Note that MetricsPort and LoggerPort are injected as interfaces — the application layer doesn’t know whether metrics go to Datadog, Prometheus, or a test stub.

Observability rules for AGENTS.md

## Observability Rules

- All use cases must inject LoggerPort and emit INFO on success, ERROR on failure
- Log fields must be structured key-value pairs — no string interpolation in logs
- Use WARN for handled errors (retries, fallbacks), ERROR for unhandled failures
- Never log PII (email addresses, phone numbers, payment data, tokens)
- Metrics must be emitted at use case boundaries, not inside domain entities
- Error logs must include enough context to diagnose without access to the database
- Use trace spans for any operation that crosses a service or makes an external call

What goes in every error log

An error log is useful only if the on-call engineer can diagnose the issue without asking the user to reproduce it.
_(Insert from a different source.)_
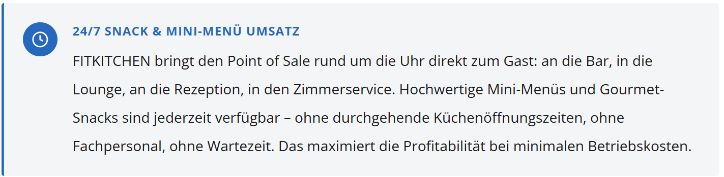 Messeabend, 22 Uhr. Die Gäste an der Hotelbar haben Hunger. Der Barkeeper schiebt die Salzstangen rüber – und erklärt, was kein 5-Sterne-Haus sagen sollte. FITKITCHEN löst genau dieses Problem: All-Day-Dining ohne durchgehenden Küchenbetrieb, ohne Fachpersonal, in weniger als 2 Minuten.

Every error log needs:

  • What failed — the operation name
  • Why it failed — the error message and code
  • What the state was — the relevant IDs and context at the time of failure
  • What was attempted — inputs, retry count if applicable
logger.error('Payment charge failed', {
  order_id: order.id.value,
  customer_id: order.customerId.value,
  amount_cents: order.total().inCents(),
  currency: order.total().currency,
  payment_provider: 'stripe',
  error_code: stripeError.code,
  error_message: stripeError.message,
  attempt: attemptNumber,
  correlation_id: traceContext.traceId,
});

This log tells the on-call engineer everything they need to investigate — without touching the database.